Chunking strategy selection

Embedding generation

Vector storage

2. Query Phase

Query embedding: $\vec{q} = E(Q)$

Top-$k$ retrieval: $\mathcal{D}_k = \text{argmax}_{D \in \mathcal{C}}^k \text{sim}(\vec{q}, \vec{d})$

Context assembly

LLM generation

3.2 Retrieval Formula

Given a query $Q$ and corpus $\mathcal{C}$, retrieve top-$k$ documents:

$$ \mathcal{D}_k = \{D_1, D_2, ..., D_k\} \quad \text{where} \quad \text{sim}(Q, D_1) \geq \text{sim}(Q, D_2) \geq ... \geq \text{sim}(Q, D_k) $$

3.3 Generation with Context

$$ P(\text{Response} | Q, \mathcal{D}_k) = \text{LLM}(Q \oplus \mathcal{D}_k) $$

Where $\oplus$ denotes context concatenation.

4. Chunking Strategies

4.1 Fixed-Size Chunking

Chunk size: $c$ tokens (typically 256–1024)
Overlap: $o$ tokens (typically 10–20% of $c$)

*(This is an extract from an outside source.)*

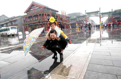 4月22日,北京又迎來一場春雨。圖為在前門大街游玩的一對母女。

$$ \text{Number of chunks} = \left\lceil \frac{\lvert D \rvert - o}{c - o} \right\rceil $$

4.2 Semantic Chunking

Split by semantic boundaries (paragraphs, sections)
Use sentence embeddings to detect topic shifts
Threshold: $\theta$ for similarity drop detection

$$ \text{Split at } i \quad \text{if} \quad \text{sim}(s_i, s_{i+1}) < \theta $$

4.3 Recursive Chunking

Hierarchical splitting: Document → Sections → Paragraphs → Sentences
Maintains context hierarchy

5. Knowledge Base Design

5.1 Metadata Schema

{
  "chunk_id": "string",
  "document_id": "string",
  "content": "string",
  "embedding": "vector[d]",
  "metadata": {
    "source": "string",
    "title": "string",
    "author": "string",
    "date_created": "ISO8601",
    "date_modified": "ISO8601",
    "section": "string",
    "page_number": "integer",
    "chunk_index": "integer",
    "total_chunks": "integer",
    "tags": ["string"],
    "confidence_score": "float"
  }
}

5.2 Index Types

Flat Index: Exact search, $O(n)$ complexity
IVF (Inverted File): Approximate, $O(\sqrt{n})$ complexity
HNSW (Hierarchical Navigable Small World): Graph-based, $O(\log n)$ complexity

HNSW Search Complexity:

$$ O(d \cdot \log n) $$

Where $d$ is embedding dimension and $n$ is corpus size.

6. Evaluation Metrics

6.1 Retrieval Metrics

Recall@k

$$ \text{Recall@}k = \frac{\lvert \text{Relevant} \cap \text{Retrieved@}k \rvert}{\lvert \text{Relevant} \rvert} $$

Precision@k

$$ \text{Precision@}k = \frac{\lvert \text{Relevant} \cap \text{Retrieved@}k \rvert}{k} $$

Mean Reciprocal Rank (MRR)

$$ \text{MRR} = \frac{1}{\lvert Q \rvert} \sum_{i=1}^{\lvert Q \rvert} \frac{1}{\text{rank}_i} $$

Normalized Discounted Cumulative Gain (NDCG)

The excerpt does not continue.